Menurut Kurdi, berdasarkan hasil survei lapangan serta koordinasi teknis yang telah dilakukan oleh tim dari Dinas PUPR, penanganan pendangkalan di muara tersebut akan dilakukan melalui proses normalisasi. Proyek ini direncanakan mencakup panjang sekitar 100 meter, dengan lebar penanganan mencapai 50 meter dan kedalaman galian mencapai 2,5 meter.
“Kami sudah petakan titik-titik kritisnya. Kondisi di lapangan memang menunjukkan bahwa sedimen lumpur yang menumpuk di mulut muara menyebabkan air menjadi dangkal, sehingga sangat sulit dilalui oleh perahu nelayan, terutama saat air surut,” kata Kurdi menjelaskan.
Ia menambahkan, proses fisik di lapangan dijadwalkan akan dimulai pada pertengahan Juli 2025, dengan estimasi waktu pengerjaan menyesuaikan kondisi alam dan teknis di lapangan. Kurdi menyebutkan, pelaksanaan ini sangat bergantung pada dinamika anggaran yang sedang dikelola oleh pemerintah daerah.
“Insyaallah, jika tidak ada hambatan, pelaksanaan fisik akan kita mulai pada 10 Juli. Namun tentu kami tetap melihat kesiapan administrasi dan anggaran, karena saat ini daerah sedang melakukan efisiensi dalam belanja pembangunan,” ungkapnya.

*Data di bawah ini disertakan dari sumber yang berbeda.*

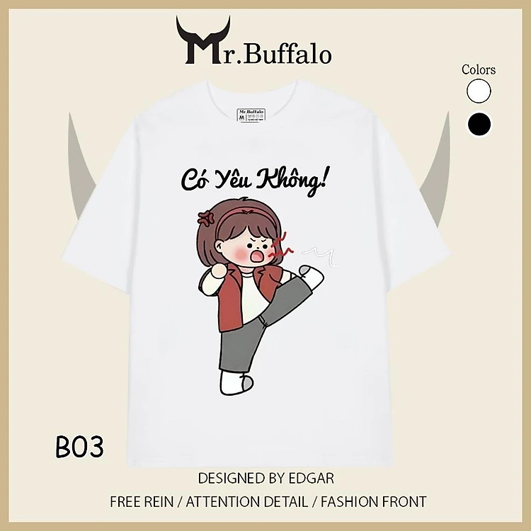 Áo đôi , áo thun cặp nam nữ tay lỡ Unisex "có yêu không" form rộng vải cotton 100% B03B04 - Mr.Buffalo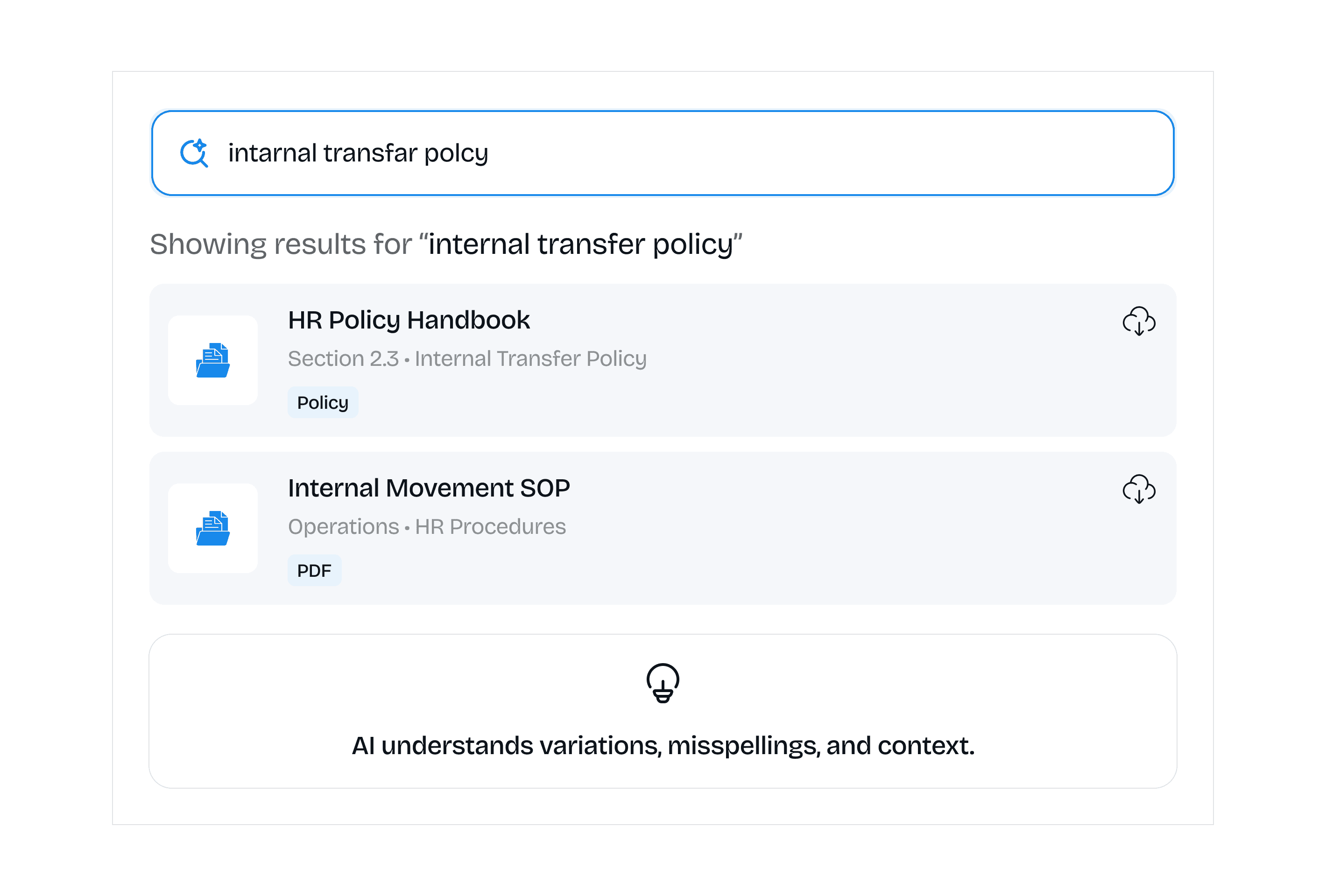 New employees get instant answers to onboarding questions without interrupting team members. Search surfaces required training, setup guides, and department-specific resources automatically. Reduces time-to-productivity and eliminates repetitive onboarding questions.

Kendati terdapat tantangan dari sisi anggaran, Kurdi memastikan bahwa komitmen pemerintah daerah untuk menyelesaikan persoalan ini tidak akan surut. Menurutnya, langkah normalisasi ini bukan hanya soal infrastruktur, tetapi juga soal keberlangsungan ekonomi masyarakat pesisir yang sangat bergantung pada muara tersebut sebagai jalur keluar-masuk hasil tangkapan laut.
“Muara Krueng Cangkoi ini adalah urat nadi bagi aktivitas para nelayan kita di Desa Panggong dan sekitarnya. Jadi kita tidak bisa abaikan. Ini menyangkut sumber penghidupan masyarakat. Kami mohon para nelayan bersabar sebentar lagi karena pemerintah tidak tinggal diam,” ucap Kurdi.
Ia juga mengimbau masyarakat agar terus menjaga ekosistem muara, termasuk tidak membuang sampah atau limbah ke sungai yang dapat mempercepat proses pendangkalan.
“Kami mengajak semua pihak, termasuk masyarakat sekitar muara, agar ikut menjaga kebersihan dan tidak membuang sampah sembarangan. Karena sebaik apapun penanganan teknis yang dilakukan, kalau lingkungan tidak dijaga, maka pendangkalan akan terus berulang,” tegasnya.
Rencana normalisasi Muara Krueng Cangkoi ini diharapkan dapat memulihkan akses transportasi laut bagi nelayan, memperlancar aktivitas ekonomi, dan menekan risiko banjir akibat tertahannya aliran air saat musim hujan.
Sebelumnya, banyak nelayan setempat mengeluhkan sulitnya melaut karena kapal-kapal kecil milik mereka tidak bisa keluar masuk muara, terutama saat air laut surut. Kondisi tersebut tidak hanya menurunkan produktivitas nelayan, tetapi juga memicu kerugian ekonomi yang cukup besar di sektor perikanan tangkap.
Dengan adanya langkah konkret dari Pemkab Aceh Barat melalui Dinas PUPR ini, masyarakat berharap pekerjaan bisa segera dimulai sesuai rencana, agar aktivitas pelayaran nelayan kembali normal dan hasil tangkapan laut bisa kembali meningkat.
Pemerintah juga berjanji akan terus memantau dan mengevaluasi hasil normalisasi tersebut, serta melakukan pemeliharaan rutin agar kondisi muara tetap terjaga.